Students who complete the Computational Linguistics Master of Science degree (CLMS) and who wish to be admitted to PhD study in linguistics must satisfy the following:

  1. Completion of CLMS degree requirements
  2. Completion of master's thesis option
  3. Completion of three courses required for the Linguistics PhD (Computational Linguistics track), subject to the following restrictions: (a) Courses must be taught by at least two non Computational Linguistics faculty; (b) Courses may not include LING 570 through LING 573
  4. The required general linguistics courses for the Computational Linguistics track PhD is as shown below.
  5. Degree Requirements

    Requirements are the same as for the General Linguistics option, except for the following:

    1. Required courses: two from LING 507, LING 508, LING 566; two from LING 550, LING 551, LING 552, LING 553; one from LING 542, LING 579; one from LING 532, LING 533; three from LING 567, LING 570, LING 571, LING 572, LING 573
    2. Language knowledge requirement: Computational Linguistics students must fulfill only one language requirement, but may not use a translation examination to do so.

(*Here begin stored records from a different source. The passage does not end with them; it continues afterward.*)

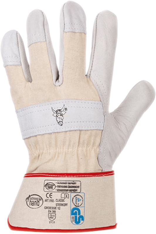 Rindvolllederhandschuh »Stierkopf Classic«Zulassung/Norm: EN 388 Eigenschaften: • Premium-Qualität • Doppelnaht • Gummierte Stulpe • Innenhand gefüttert Material: Rindvollleder Stärke: ca.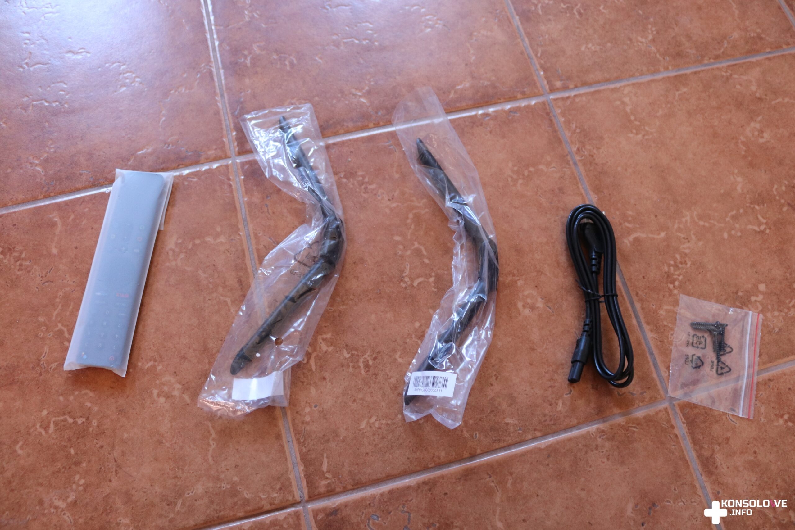Mi TV 4S przychodzi w sporym kartonie. Po jego otwarciu naszym oczom ukazuje się dobrze zabezpieczony sprzęt. Pomijając standardowe wypełnienia styropianowe, miłym zaskoczeniem okazał się foliowy worek z uchwytami, mieszczący telewizor. Z racji na rozmiar wskazane jest naturalnie wyciąganie go przez dwie osoby, ale dodanie otworów do worka znacząco ułatwia sprawne wysunięcie sprzętu. W kartonie znajdziemy również nóżki, wkręty, kabel zasilający i instrukcję oraz pilota. Niżej możecie zapoznać się ze specyfikacją techniczną testowanego sprzętu.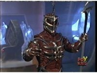 Close on Red Dragon's head as the helmet locks down over it. Pan down to green gem on chest plate. |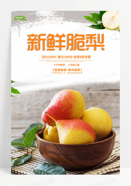 干净 清新新鲜脆梨新鲜梨子新鲜水果海报梨子海报展板
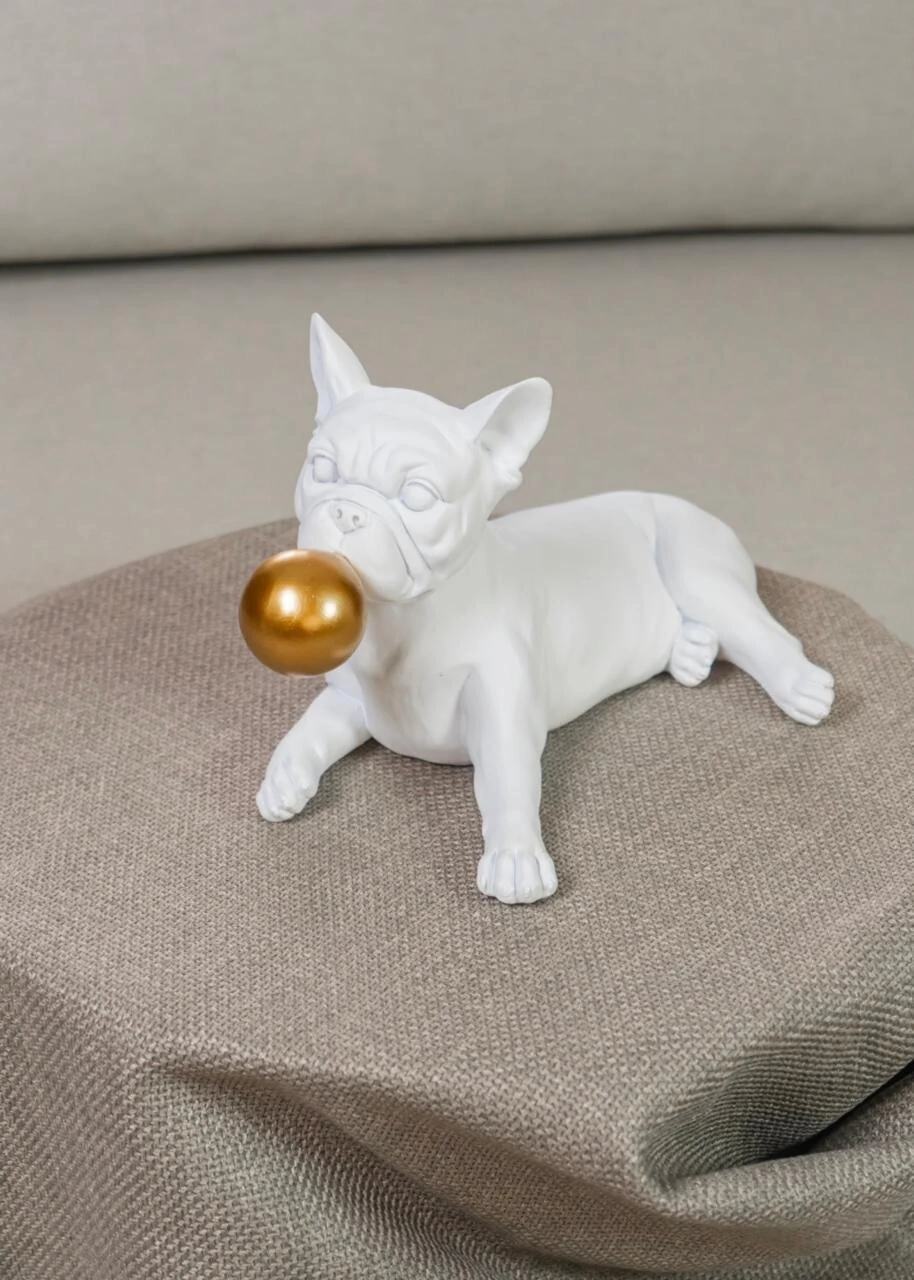 Divertida e cheia de personalidade, a Escultura Decorativa Bulldog com Balão é daquelas peças que roubam a cena. Produzida em polirresina branca com detalhes dourados, a escultura retrata um simpático bulldog com um balão dourado na boca — um toque inusitado e encantador para composições criativas e descontraídas.

    3. Generals papers: Same as for the General Linguistics program except a masterís thesis completed as part of the CLMS program may count as one of the two generals papers.

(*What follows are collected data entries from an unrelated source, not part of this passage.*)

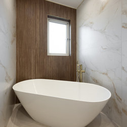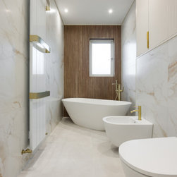 This bathroom was created by combining two rooms into one, with the main challenge being a very long and narrow layout while still accommodating a freestanding bath, walk-in shower with bench, toilet, and double vanity. The design focused on careful space planning and bespoke solutions, allowing everything to fit comfortably without compromising flow or functionality.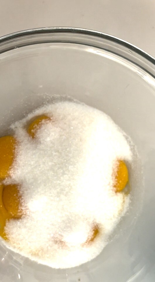 • At this point, the milk will be boiling, and you can add it to the bowl with the eggs.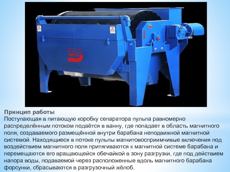 в ванну, где попадает в область магнитного поля, создаваемого размещённой внутри барабана неподвижной магнитной системой. Находящиеся в потоке пульпы магнитовосприимчивые включения под воздействием магнитного поля притягиваются к магнитной системе барабана и перемещаются его вращающейся обечайкой в зону разгрузки, где под действием напора воды, подаваемой через расположенные вдоль магнитного барабана форсунки, сбрасываются в разгрузочный жёлоб.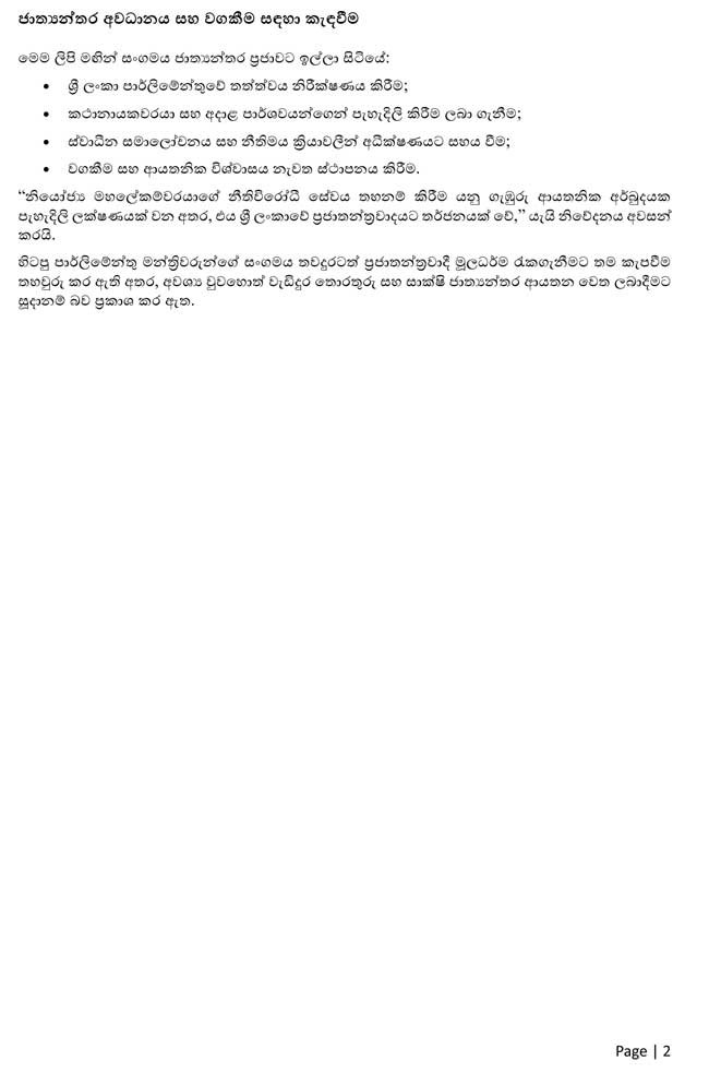 ශ්රී ලංකාවේ හිටපු පාර්ලිමේන්තු මන්ත්රීවරුන්ගේ සංගමය විසින් පොදු රාජ්ය මණ්ඩලයීය පාර්ලිමේන්තු සංගමය, එක්සත් ජාතීන්ගේ මානව හිමිකම් පිළිබඳ මහ කොමසාරිස්ට සහ අන්තර් පාර්ලිමේන්තු සංගමය යන ප්රධාන ජාත්යන්තර ආයතන වෙත, ශ්රී ලංකා පාර්ලිමේන්තුව තුළ ඇති වී ඇති ගැටලුකාරී තත්ත්වයන් පිළිබඳව ලිපියක් මගින් දැනුම් දීමක් සිදුකර ඇත.

    4. Transition from the CLMS to PhD program is done in two steps:
      1. Step 1: Entering the General Linguistics graduate program registered as a post-masterís program student: Students may apply for admission to the Linguistics graduate program after receiving their CLMS degree; admission decision is made by the Computational Linguistics faculty; after admission, students pay regular UW tuition for courses.
      2. Step 2: Entering the Linguistics PhD program: Students may apply for admission to the PhD program after completing all requirements listed above; admission decision is made by the full linguistics faculty. If all requirements are completed upon receipt of the CLMS degree, Steps 1 and 2 may be completed simultaneously.